%%
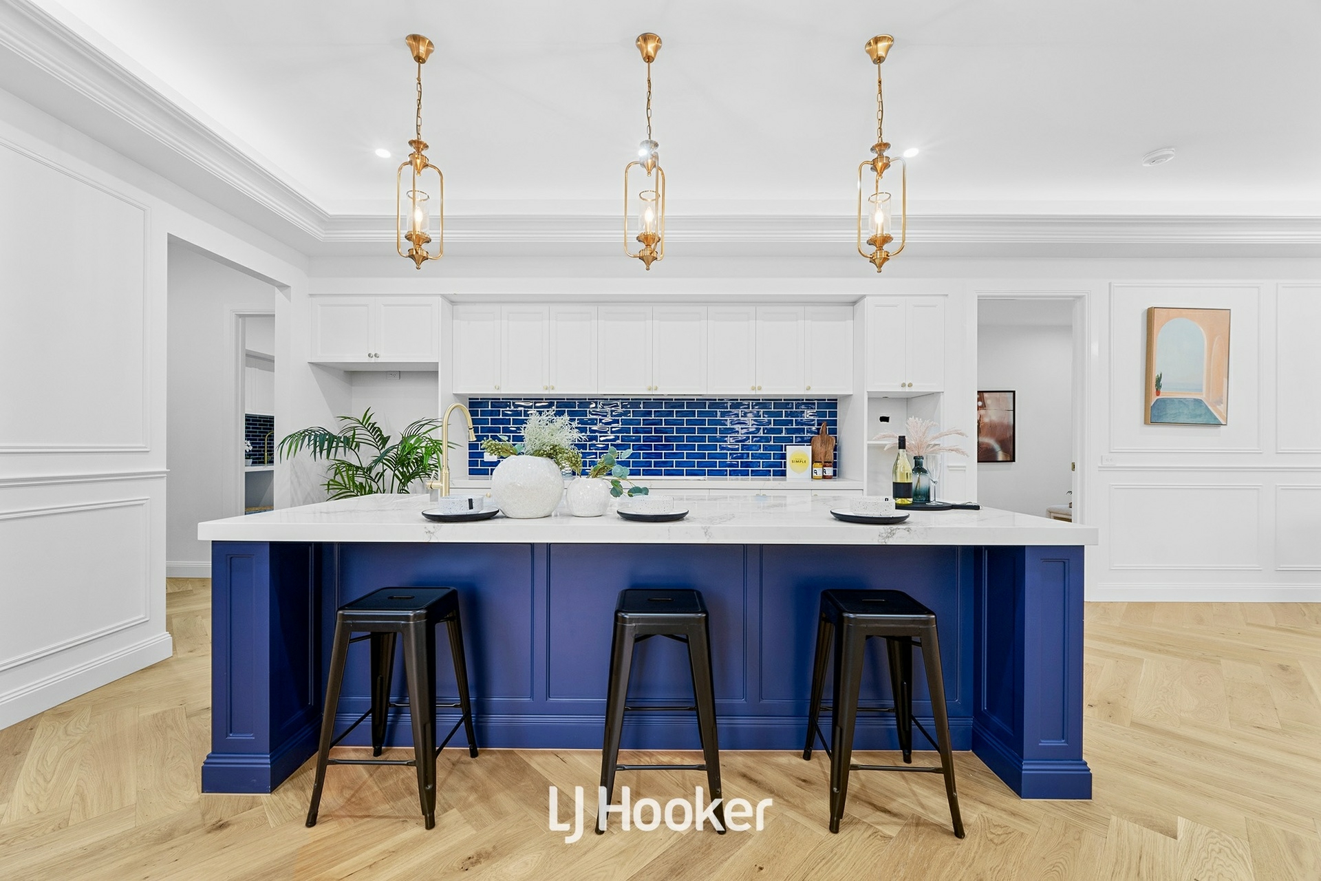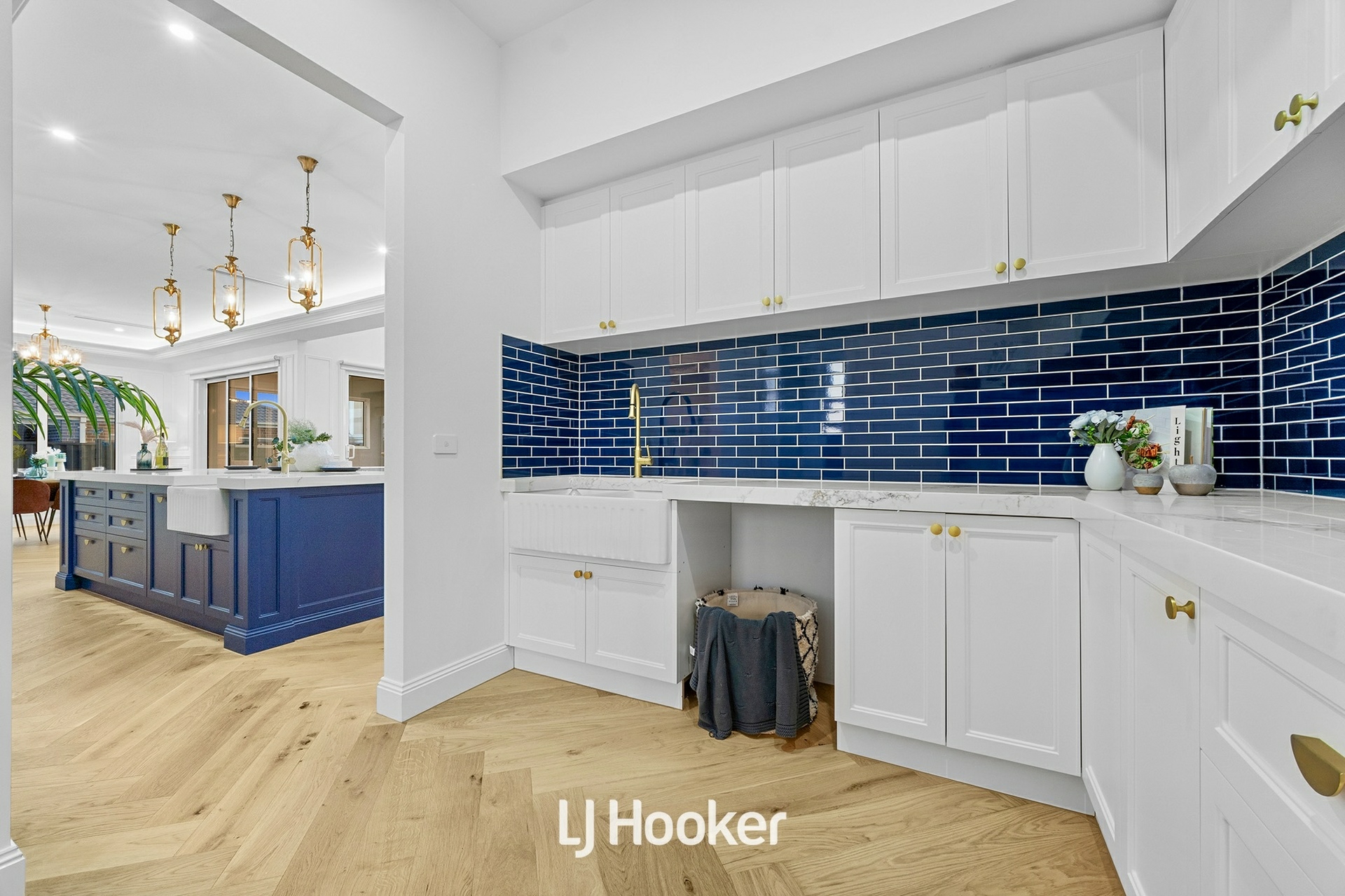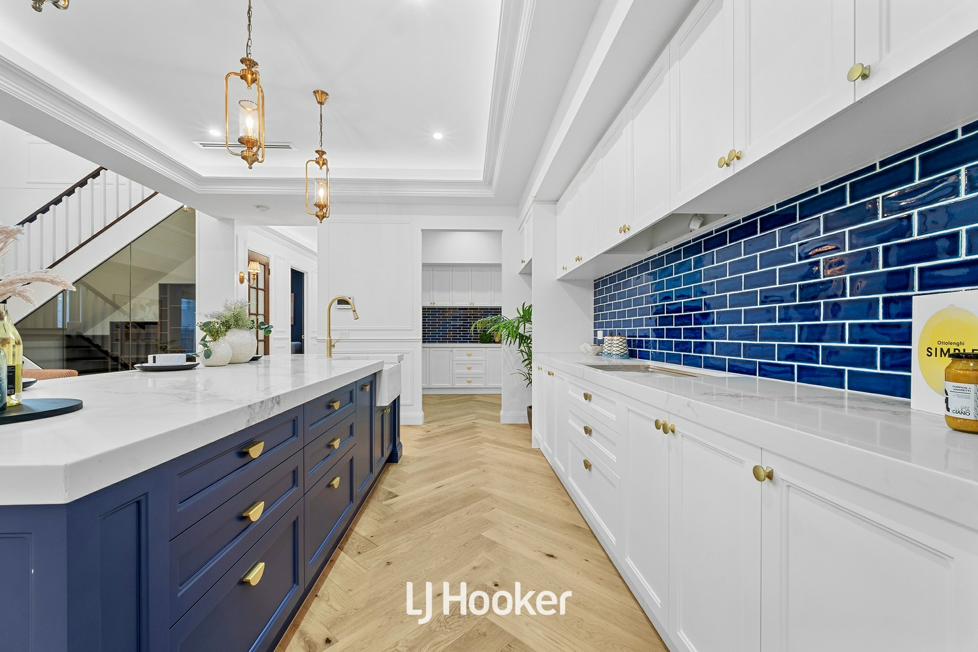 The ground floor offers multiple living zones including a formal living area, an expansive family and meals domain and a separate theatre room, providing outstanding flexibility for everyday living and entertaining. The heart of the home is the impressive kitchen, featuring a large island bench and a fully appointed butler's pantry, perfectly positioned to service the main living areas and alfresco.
%%
%%
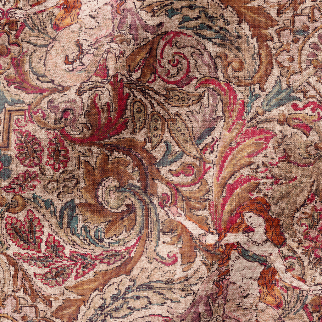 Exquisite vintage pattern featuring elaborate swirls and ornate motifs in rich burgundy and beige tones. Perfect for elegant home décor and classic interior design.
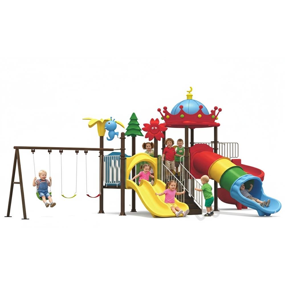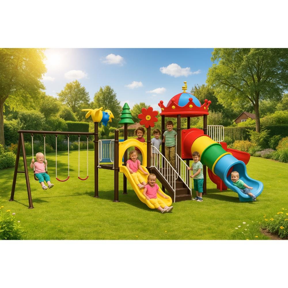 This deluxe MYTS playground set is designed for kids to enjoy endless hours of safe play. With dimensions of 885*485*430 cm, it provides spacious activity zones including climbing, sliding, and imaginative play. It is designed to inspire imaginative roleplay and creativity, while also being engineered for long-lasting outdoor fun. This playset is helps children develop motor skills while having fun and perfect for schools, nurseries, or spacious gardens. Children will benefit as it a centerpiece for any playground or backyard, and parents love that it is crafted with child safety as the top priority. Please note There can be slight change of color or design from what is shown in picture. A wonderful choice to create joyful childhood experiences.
%%
What the task requires |
For this exercise, return exactly the lines above from the line with "Exquisite vintage pattern" through the line with "This deluxe MYTS", both included. Do not copy the pictures.

Your response |
 Exquisite vintage pattern featuring elaborate swirls and ornate motifs in rich burgundy and beige tones. Perfect for elegant home décor and classic interior design.
 This deluxe MYTS playground set is designed for kids to enjoy endless hours of safe play. With dimensions of 885*485*430 cm, it provides spacious activity zones including climbing, sliding, and imaginative play. It is designed to inspire imaginative roleplay and creativity, while also being engineered for long-lasting outdoor fun. This playset is helps children develop motor skills while having fun and perfect for schools, nurseries, or spacious gardens. Children will benefit as it a centerpiece for any playground or backyard, and parents love that it is crafted with child safety as the top priority. Please note There can be slight change of color or design from what is shown in picture. A wonderful choice to create joyful childhood experiences.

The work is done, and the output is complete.